Pelabuhan Pengumpan adalah pelabuhan yang fungsi pokoknya melayani kegiatan angkutan
laut dalam negeri, alih muat angkutan laut dalam negeri dalam jumlah terbatas, merupakan
pengumpan bagi pelabuhan utama dan pelabuhan pengumpul, dan sebagai tempat asal tujuan
penumpang dan atau barang, serta angkutan penyeberangan dengan jangkauan pelayanan
dalam provinsi. Berdasarkan hierarkiya pelabuhan pengumpan dibagi menjadi 2 (dua) yaitu
Pelabuhan Pegumpan Regional (PR) dan Pelabuhan Pengumpan Lokal (PL), pada saat ini
terdapat sekitar 235 Pengumpan Regional dan 726 Pengumpan Lokal. Dalam penetapannya
harus memperhatikan kriteria teknis sebagai berikut:

a. Pelabuhan Pengumpan Regional (PR):

• Berpedoman pada tata ruang wilayah provinsi dan pemerataan pembangunan


antarprovinsi;

• Berpedoman pada tata ruang wilayah kabupaten/kota serta pemerataan dan


peningkatan pembangunan kabupaten/kota;

• Berada di sekitar pusat pertumbuhan ekonomi wilayah provinsi;

• Berperan sebagai pengumpan terhadap Pelabuhan Pengumpul dan Pelabuhan


Utama;

• Berperan sebagai tempat alih muat penumpang dan barang dari/ke Pelabuhan
Pengumpul dan/atau Pelabuhan Pengumpan lainnya;

• Berperan melayani angkutan laut antar kabupaten/kota dalam provinsi;

• Memiliki luas daratan dan perairan tertentu serta terlindung dari gelombang;

• Melayani penumpang dan barang antar kabupaten/kota dan/atau antar kecamatan


dalam 1 (satu) provinsi;

• Berada dekat dengan jalur pelayaran antar pulau ± 25 mil;

• Kedalaman maksimal pelabuhan -7 mLWS;

• Memiliki dermaga dengan panjang maksimal 120 m;

• Memiliki jarak dengan Pelabuhan Pengumpan Regional lainnya 20 – 50 mil.

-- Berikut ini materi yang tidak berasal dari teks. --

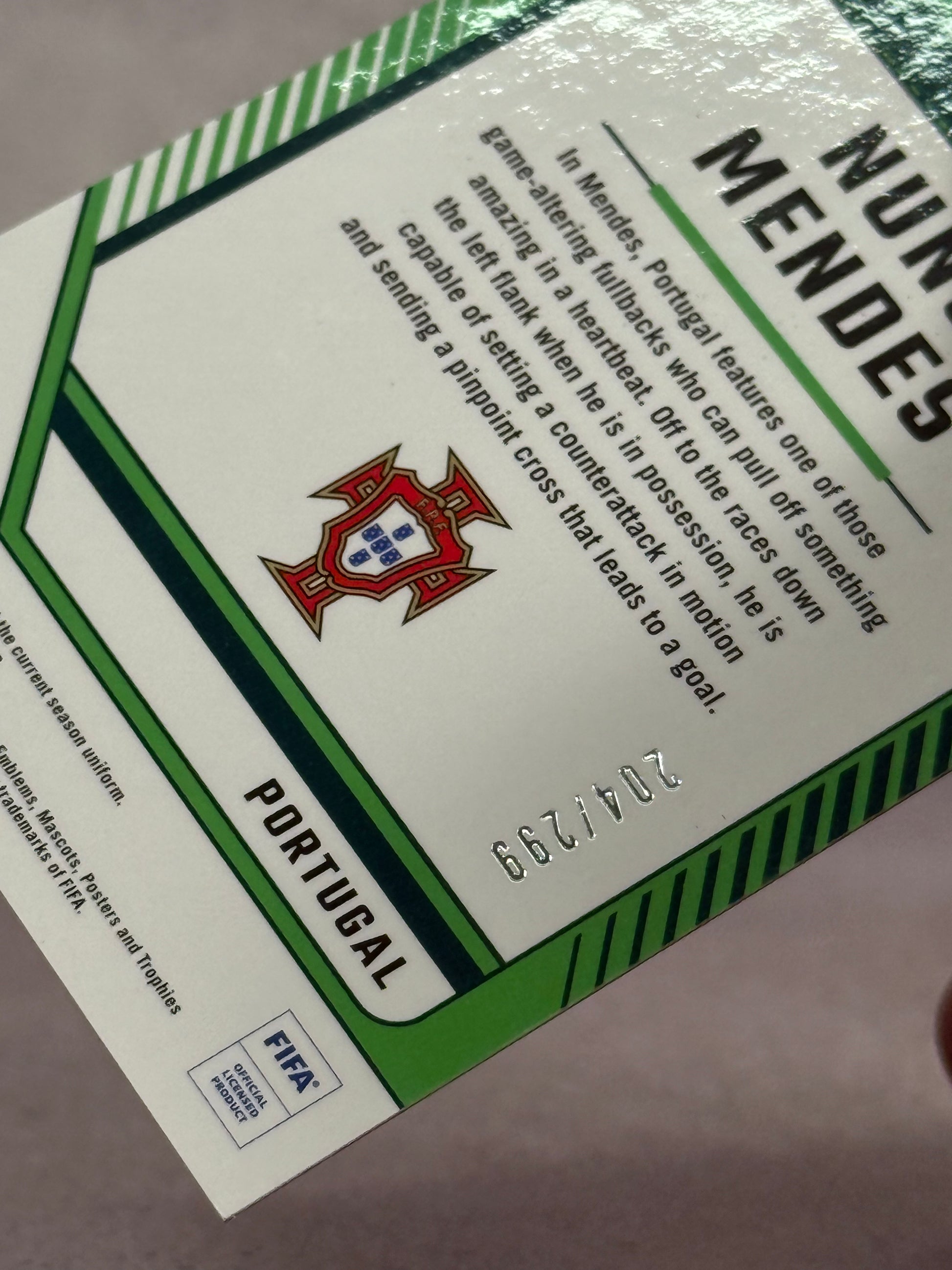 Tarjeta Donruss Optic Nuno Mendes Rookie 204/299 numerada

b. Pelabuhan Pengumpan Lokal (PL):

• Berpedoman pada tata ruang wilayah kabupaten/kota serta pemerataan dan


peningkatan pembangunan kabupaten/kota;

• Berada di sekitar pusat pertumbuhan ekonomi kabupaten/kota;

• Memiliki luas daratan dan perairan tertentu dan terlindung dari gelombang;

• Melayani penumpang dan barang antar kabupaten/kota dan/atau antar kecamatan


dalam 1 (satu) kabupaten/kota;
• Berperan sebagai pengumpan terhadap Pelabuhan Utama, Pelabuhan Pengumpul,
dan/atau Pelabuhan Pengumpan Regional;

• Berperan sebagai tempat pelayanan penumpang di daerah terpencil, terisolir,


perbatasan, daerah terbatas yang hanya didukung oleh moda transportasi laut;

• Berperan sebagai tempat pelayanan moda transportasi laut untuk mendukung


kehidupan masyarakat dan berfungsi sebagai tempat multifungsi selain sebagai
terminal untuk penumpang juga untuk melayani bongkar muat kebutuhan hidup
masyarakat disekitarnya;

• Berada pada lokasi yang tidak dilalui jalur transportasi laut regular kecuali
keperintisan;

• Kedalaman maksimal pelabuhan -4 mLWS;

• Memiliki fasilitas tambat dan dermaga dengan panjang maksimal 70 m;

• Memiliki jarak dengan Pelabuhan Pengumpan Lokal lainnya 5 – 20 mil.